_What to do_
Since the listing below shows pictures, leave them out and write out exactly the lines from the line with "Lot été bébé" to the line with "Delicate pink oleander", both included, and no others.

**** Given records

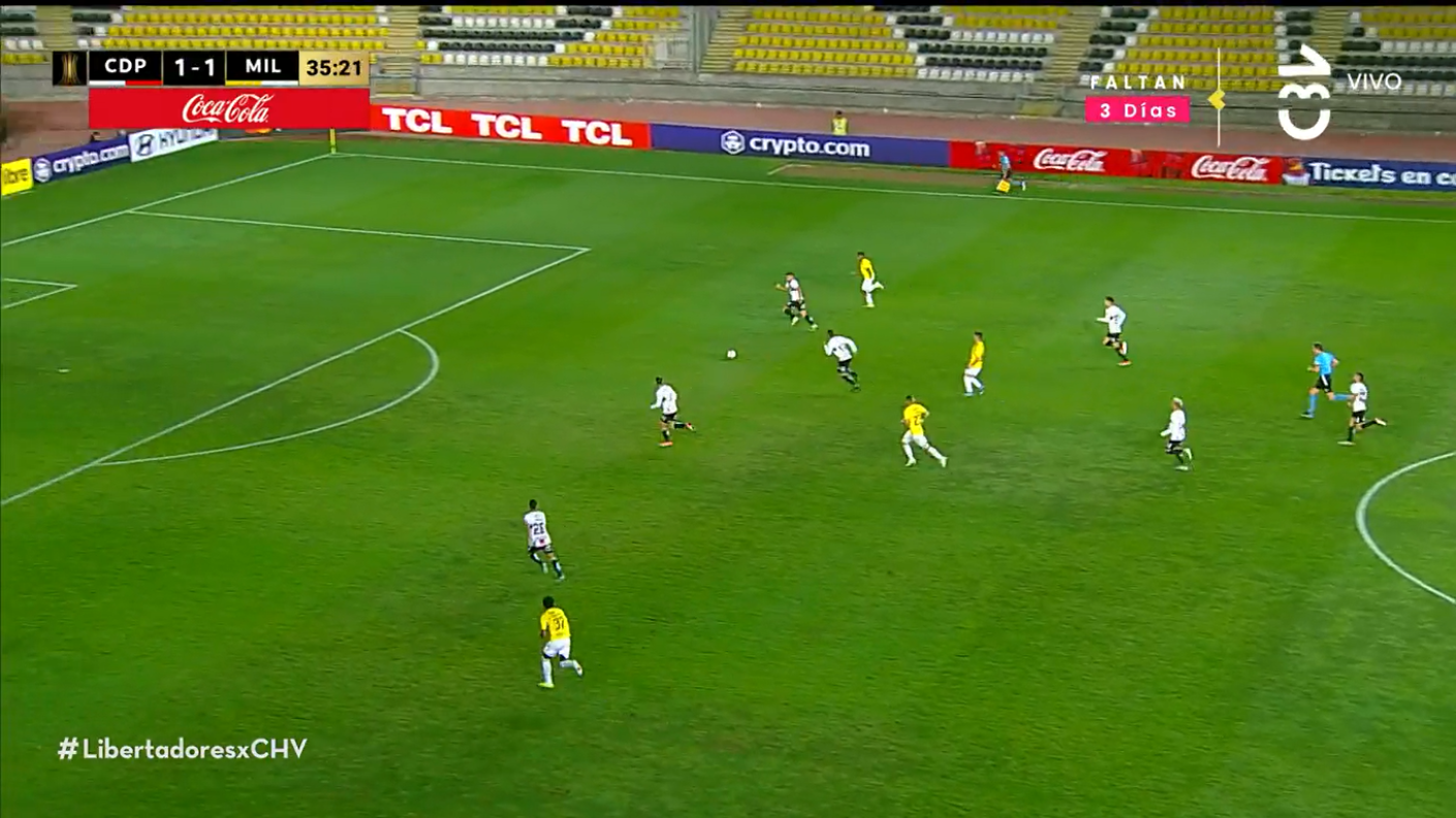 Felipe Chamorro volvió a romper las redes al decretar el 2 a 1 de Palestino ante el conjunto colombiano con un certero disparo que dejó sin opción al portero forastero.
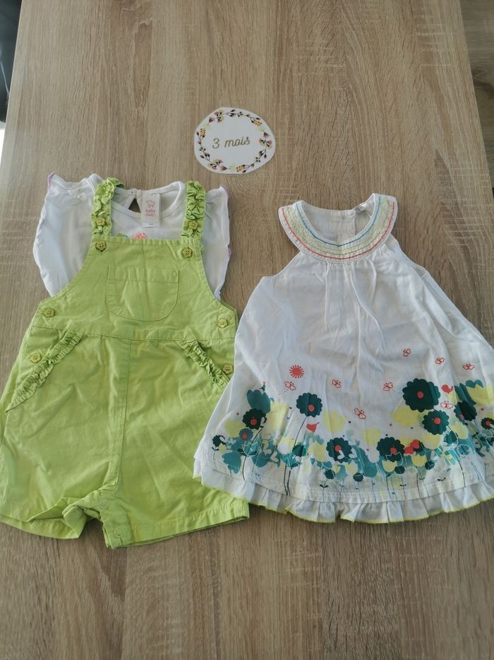 Lot été bébé fille 3mois robe, salopette et t-shirt orchestra, dpam, bébé club tbe - photo numéro 1
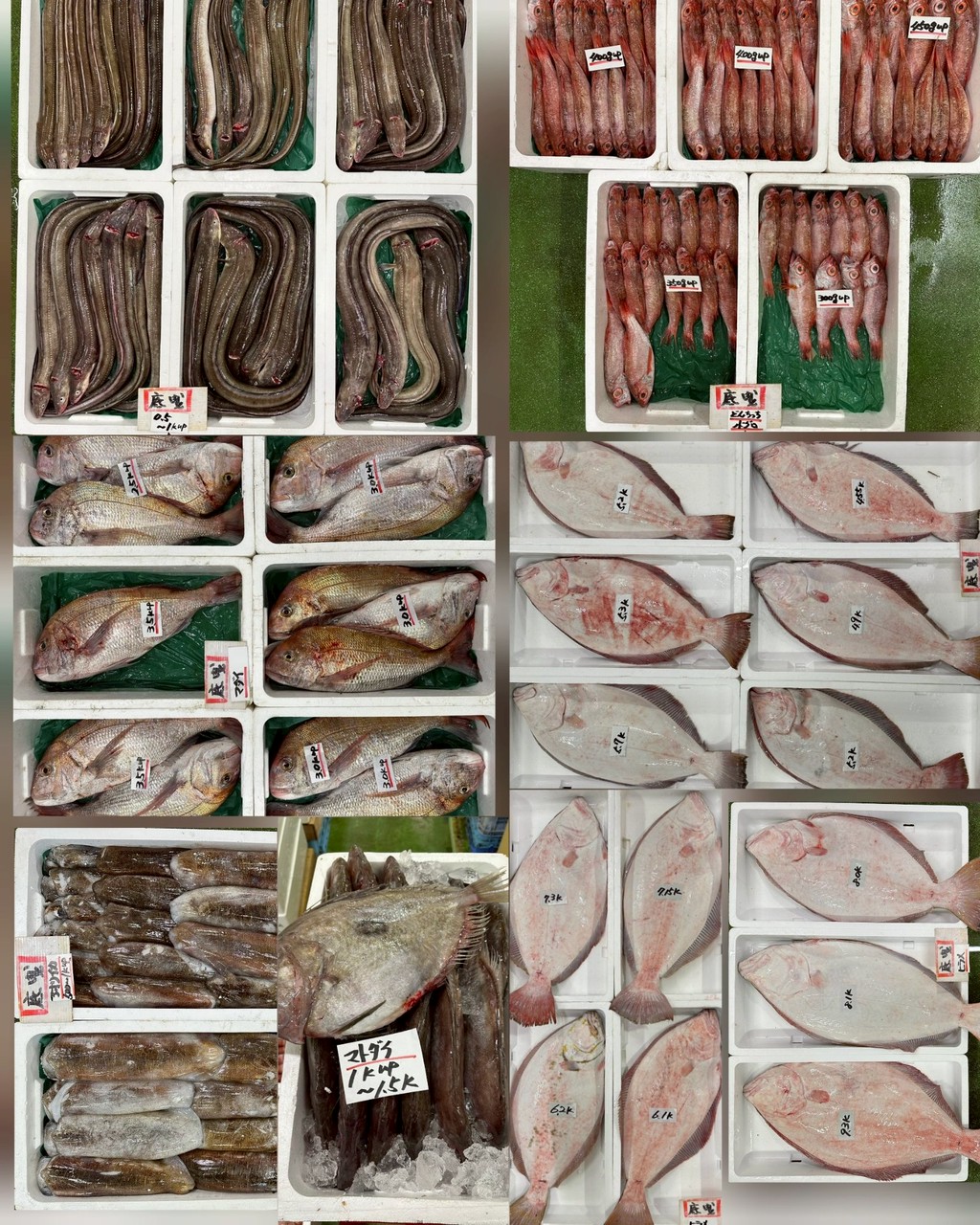 ■底曳マダイ、ヒラメ、アナゴ、マトダイ、アオリイカ、どんちっちノドグロ、アマダイ
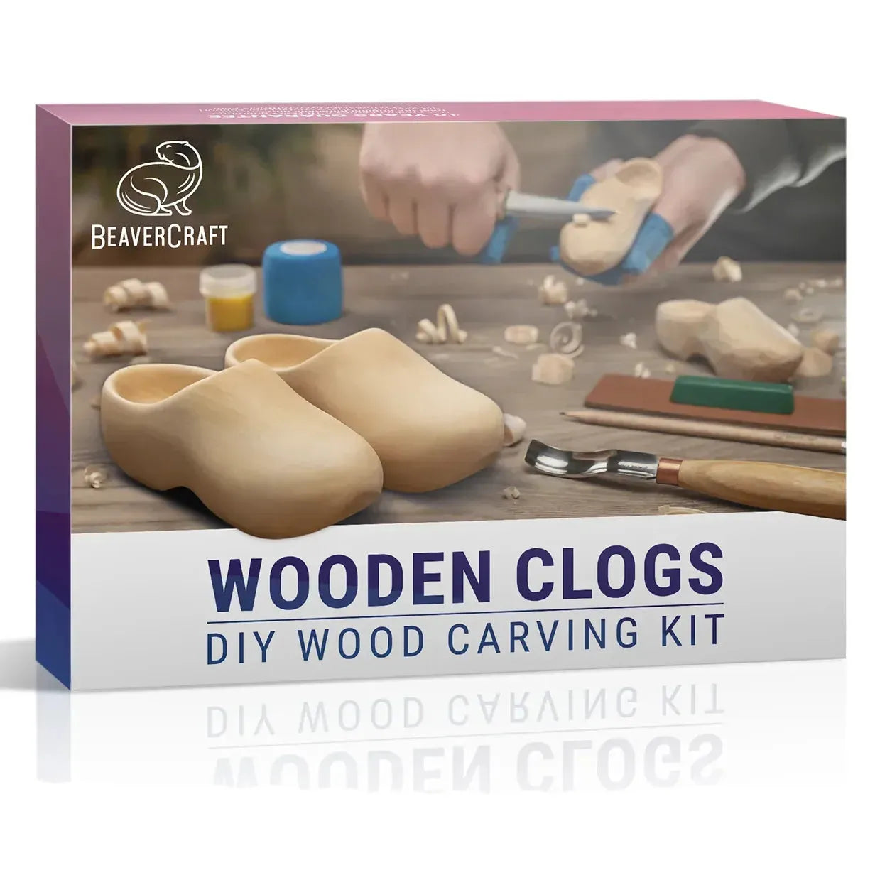 Opplev gleden ved treskjæring med DIY10 wooden clogs carving kit fra BeaverCraft. Dette settet gir deg alt utstyret du trenger for å lage dine egne, autentiske tresko til dekorasjon!
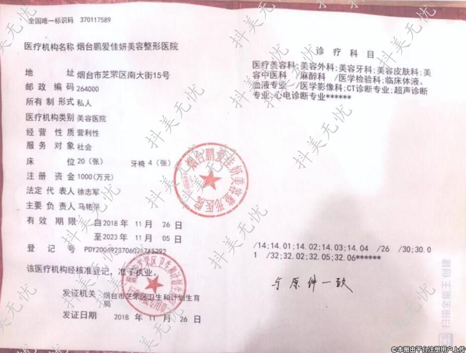 醫(yī)療機(jī)構(gòu)名稱:煙臺鵬愛佳妍美容整形醫(yī)院
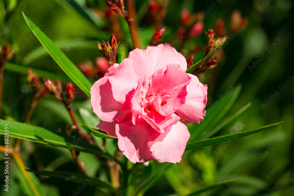 Delicate pink oleander (Nerium oleander) flower blooms beautifully, surrounded by slender green leaves and buds, basking in soft glow of sunlight
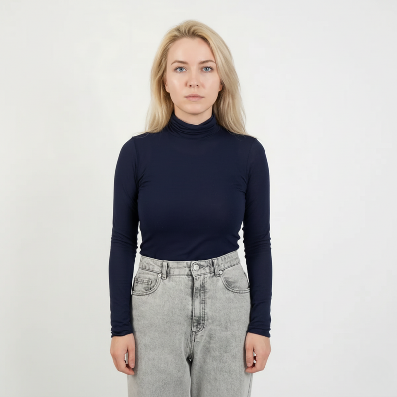 MySublyme Women's 10% Cashmere Turtleneck Base Layer - Blue (1410)
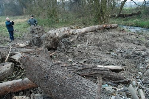 W dniu dzisiejszym, tj. 3.12.2014, członkowie Małopolskiego Towarzystwa Ornitologicznego oraz Towarzystwa na Rzecz Ochrony Przyrody na miejscu terenu prawnie chronionego, użytku ekologicznego “Dolina Prądnika”, zastali istne “pobojowisko” oraz pracowników Małopolskiego Zarządu Melioracji i Urządzeń Wodnych w Krakowie.Na całym odcinku użytku wprowadzono ciężkie koparki gąsienicowe, wycięto lub wyrwano z korzeniami (za pomocą koparki) ponad dwadzieścia drzew, w tym wiele pomnikowych, ponad 100-letnich, wybierano żwir z koryta, zniszczono brzegi, zakrzewienia, żeremie bobrowe(!), naruszono trwale strukturę brzegu, dokonując min. kuriozalnego przekopu na długości paru metrów, tworząc wysepkę o pow. kilkunastu metrów kwadratowych. Podczas interwencji Policji, pracujący nie okazali żadnych dokumentów zezwalających na taki zakres prac. Prac Policja nie przerwała…

********

_Finished task_
 Lot été bébé fille 3mois robe, salopette et t-shirt orchestra, dpam, bébé club tbe - photo numéro 1
 ■底曳マダイ、ヒラメ、アナゴ、マトダイ、アオリイカ、どんちっちノドグロ、アマダイ
 Opplev gleden ved treskjæring med DIY10 wooden clogs carving kit fra BeaverCraft. Dette settet gir deg alt utstyret du trenger for å lage dine egne, autentiske tresko til dekorasjon!
 醫(yī)療機(jī)構(gòu)名稱:煙臺鵬愛佳妍美容整形醫(yī)院
 Delicate pink oleander (Nerium oleander) flower blooms beautifully, surrounded by slender green leaves and buds, basking in soft glow of sunlight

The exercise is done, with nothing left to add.